HRW Middle East Assistant Director Adam Coogle has warned the group’s child recruitment increases every year and urged for “immediate and determined” action to prevent children’s abuse.
HRW has demanded information from the PKK/YPG on its steps to tackle the issue in a letter that has been left unanswered since July.
HRW also called on the PKK/YPG’s ally, the United States, to impose sanctions over its forced recruitment of children. In its report, the agency said non-state armed organizations, too, must adhere to the “ban on providing military support to governments who recruit and use child soldiers” in the U.S. Child Soldiers Prevention Act.”

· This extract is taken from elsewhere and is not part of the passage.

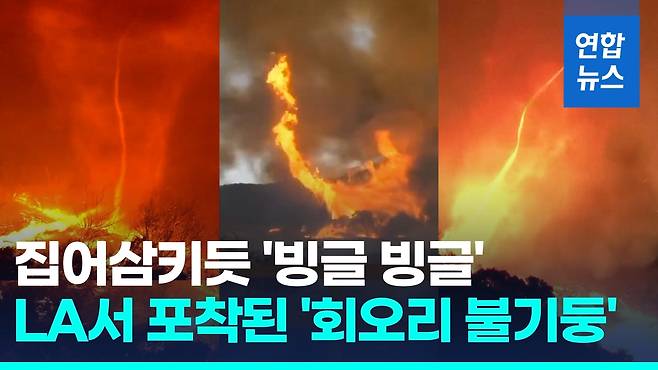 미국 서부 최대 도시 로스앤젤레스(LA)에서 동시다발 산불이 이어지는 가운데 지난 11일(현지시간) LA 카운티 서부 해변 퍼시픽 팰리세이즈 산불 현장에서 '파이어네이도'가 포착됐습니다.
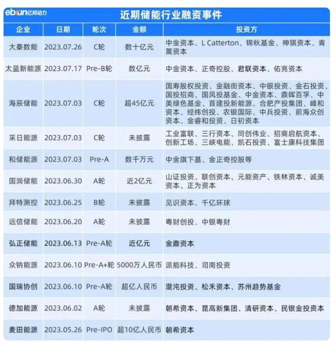 今年以來,多起儲能企業(yè)融資事件的金額都在億元以上。專注于雙碳賽道的投資基金及聚焦清潔能源的風(fēng)投機構(gòu),紛紛加大對儲能行業(yè)的投資力度。例如7月5日,海辰儲能完成45億元C輪融資;4月17日,融科儲能完成超10億元B+輪融資;3月28日,精控能源完成數(shù)億元C輪融資;3月18日,緯景儲能完成超6億元A輪融資等。

Washington regularly sends reinforcements to its military bases and points in an oil-rich Syrian region controlled by the PKK/YPG.
PKK/YPG occupies more than 70% of oil fields in Syria, raking in about $2.5 billion annually from domestic sales of oil and imports, a significant source of income for the terrorists who also rely on drug trafficking in Europe to generate funds.
Washington calls the YPG its ally under the pretext of driving out Daesh, which is a source of strain with its NATO ally Ankara, who says it’s “senseless” to use one terrorist group to fight another.
Ankara considers the move a first step to establishing a “PKK-run state” in Syria’s north, immediately across the border, as well as a threat to the territorial integrity of Syria.
Washington insists it does not provide arms to the PKK/YPG terrorists, but the group’s power has only increased in recent years, during which it even exercised trials of its “dream” to establish a state there.
The PKK/YPG, over the summer, attempted to hold so-called local elections, which were only postponed after pressure from Türkiye and warnings from the U.S.
The terrorist group, however, later in September changed the school curriculum in occupied provinces, adding books on “Zoroastrianism/Fire-Worshipping and Buddhist Morality” that contradict the religious faith of the local people. They also pulled out books from the Syrian regime.
The move has sparked backlash from the people of Manbij, who held protests and refused to send their children to school.
Rising tensions led to scuffles at schools, forcing authorities to seek mediation, but the terrorist group’s refusal has led to a suspension of the school semester at the end of September.